Records excerpted from a collection
=====
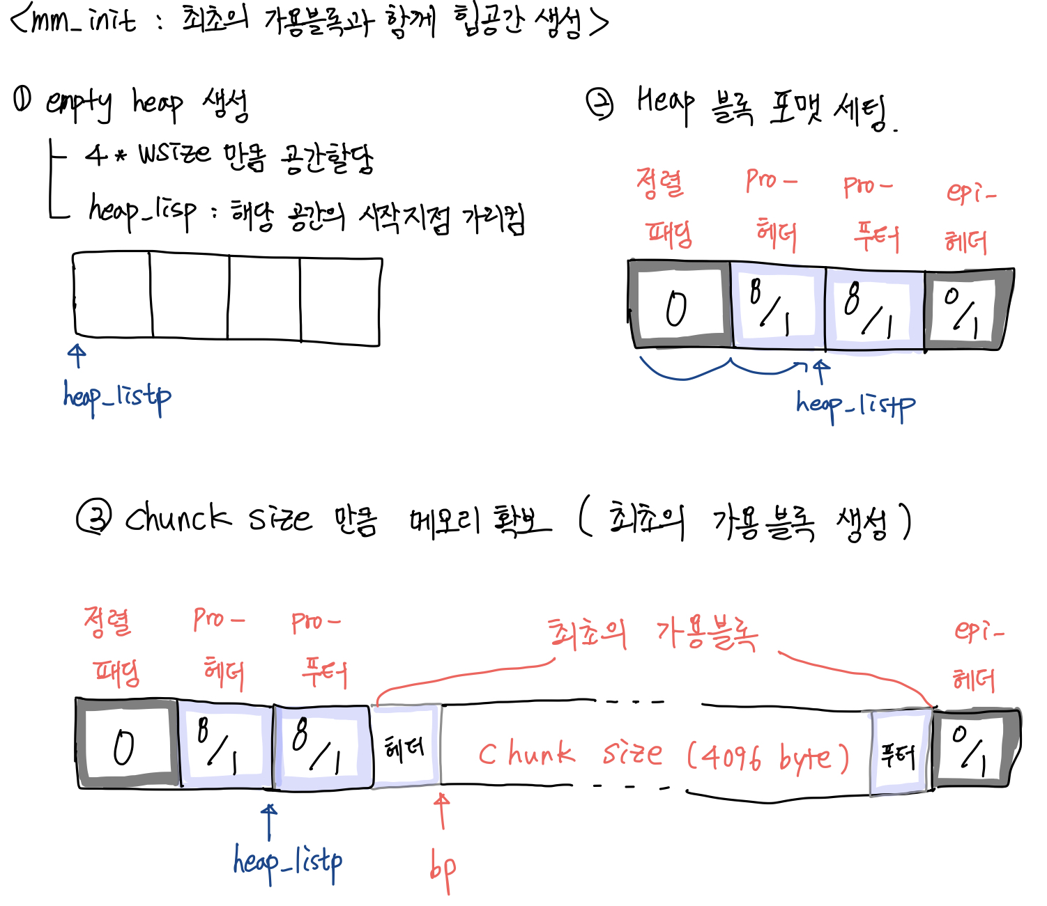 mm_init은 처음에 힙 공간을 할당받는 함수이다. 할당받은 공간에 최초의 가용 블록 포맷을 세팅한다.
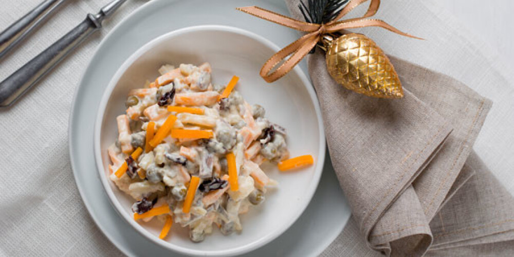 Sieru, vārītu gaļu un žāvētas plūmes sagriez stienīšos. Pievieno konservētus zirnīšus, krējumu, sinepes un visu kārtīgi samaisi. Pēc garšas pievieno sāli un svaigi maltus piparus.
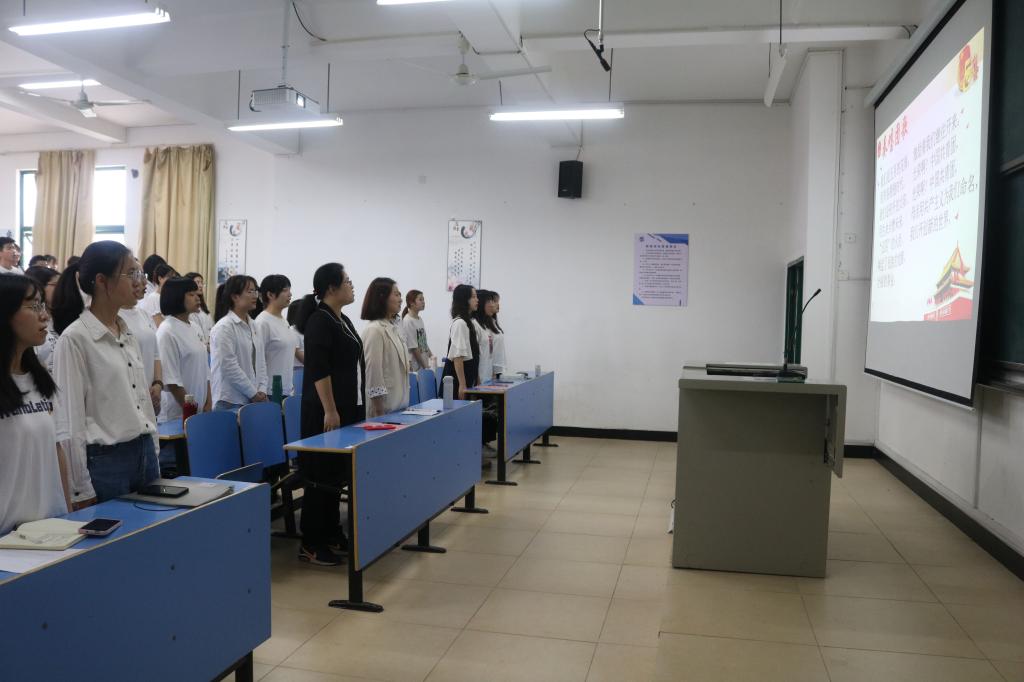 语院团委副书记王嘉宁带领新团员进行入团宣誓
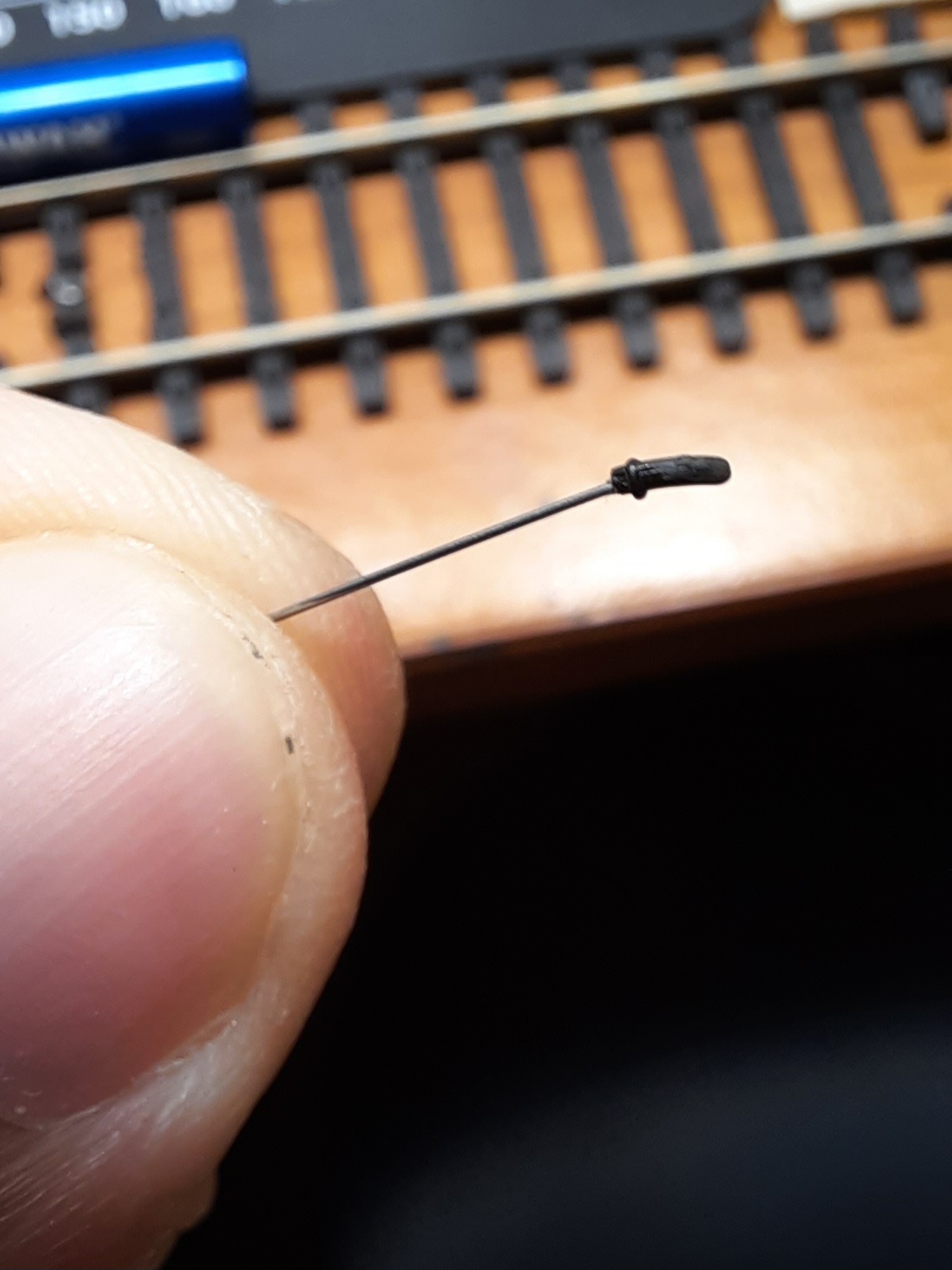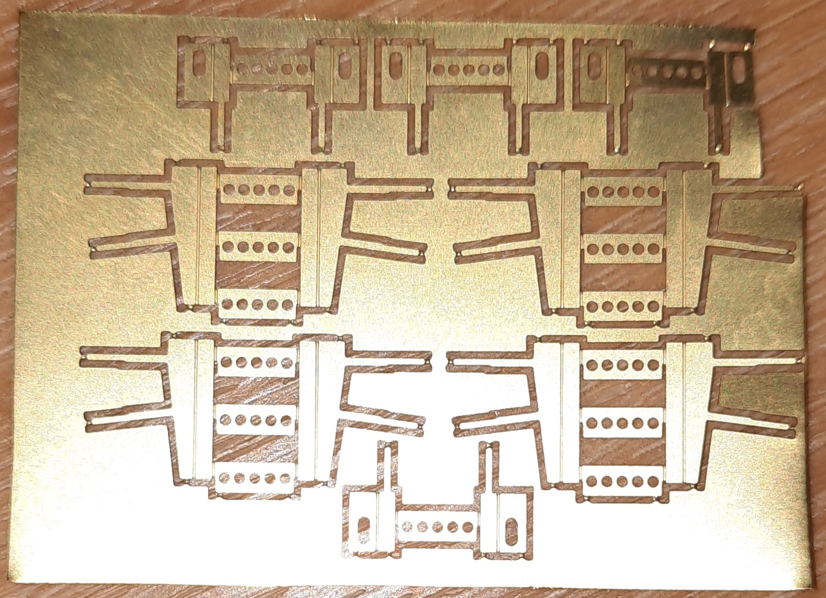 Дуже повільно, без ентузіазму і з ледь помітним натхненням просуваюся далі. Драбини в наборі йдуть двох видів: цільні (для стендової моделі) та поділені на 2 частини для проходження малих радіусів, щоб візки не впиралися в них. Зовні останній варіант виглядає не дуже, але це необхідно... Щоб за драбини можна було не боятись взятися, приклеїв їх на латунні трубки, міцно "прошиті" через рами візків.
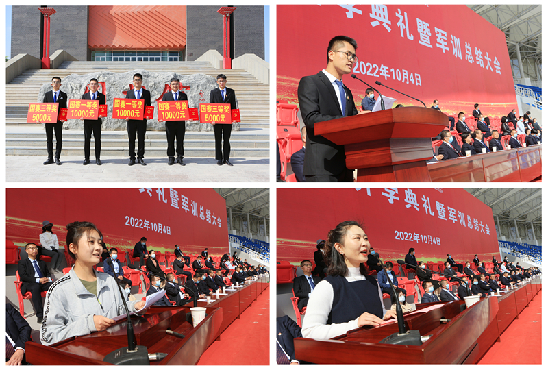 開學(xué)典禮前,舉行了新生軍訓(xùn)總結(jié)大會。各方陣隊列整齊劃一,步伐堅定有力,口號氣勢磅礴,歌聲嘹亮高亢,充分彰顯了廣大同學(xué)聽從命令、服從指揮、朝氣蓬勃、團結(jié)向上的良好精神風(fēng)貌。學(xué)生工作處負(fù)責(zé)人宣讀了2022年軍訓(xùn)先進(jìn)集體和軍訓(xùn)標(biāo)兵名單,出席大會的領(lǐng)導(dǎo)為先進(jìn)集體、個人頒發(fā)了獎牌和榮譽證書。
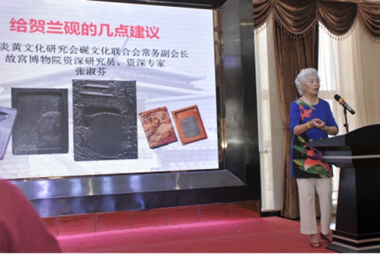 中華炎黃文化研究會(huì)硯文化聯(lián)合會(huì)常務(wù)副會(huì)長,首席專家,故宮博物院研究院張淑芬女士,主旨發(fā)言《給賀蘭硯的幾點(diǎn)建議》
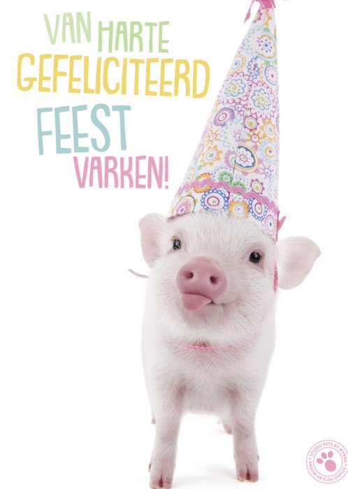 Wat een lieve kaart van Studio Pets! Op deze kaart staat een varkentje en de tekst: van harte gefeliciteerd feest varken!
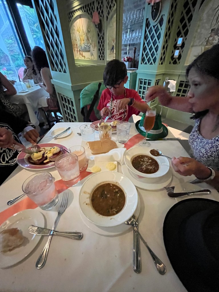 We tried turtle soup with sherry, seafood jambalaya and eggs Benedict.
=====
### What you are asked to do
Return, exactly as they appear, the lines from the line containing "開學(xué)典禮前,舉行了" through the end of the records above, both ends included, without pictures.

### Task solution
 開學(xué)典禮前,舉行了新生軍訓(xùn)總結(jié)大會。各方陣隊列整齊劃一,步伐堅定有力,口號氣勢磅礴,歌聲嘹亮高亢,充分彰顯了廣大同學(xué)聽從命令、服從指揮、朝氣蓬勃、團結(jié)向上的良好精神風(fēng)貌。學(xué)生工作處負(fù)責(zé)人宣讀了2022年軍訓(xùn)先進(jìn)集體和軍訓(xùn)標(biāo)兵名單,出席大會的領(lǐng)導(dǎo)為先進(jìn)集體、個人頒發(fā)了獎牌和榮譽證書。
 中華炎黃文化研究會(huì)硯文化聯(lián)合會(huì)常務(wù)副會(huì)長,首席專家,故宮博物院研究院張淑芬女士,主旨發(fā)言《給賀蘭硯的幾點(diǎn)建議》
 Wat een lieve kaart van Studio Pets! Op deze kaart staat een varkentje en de tekst: van harte gefeliciteerd feest varken!
 We tried turtle soup with sherry, seafood jambalaya and eggs Benedict.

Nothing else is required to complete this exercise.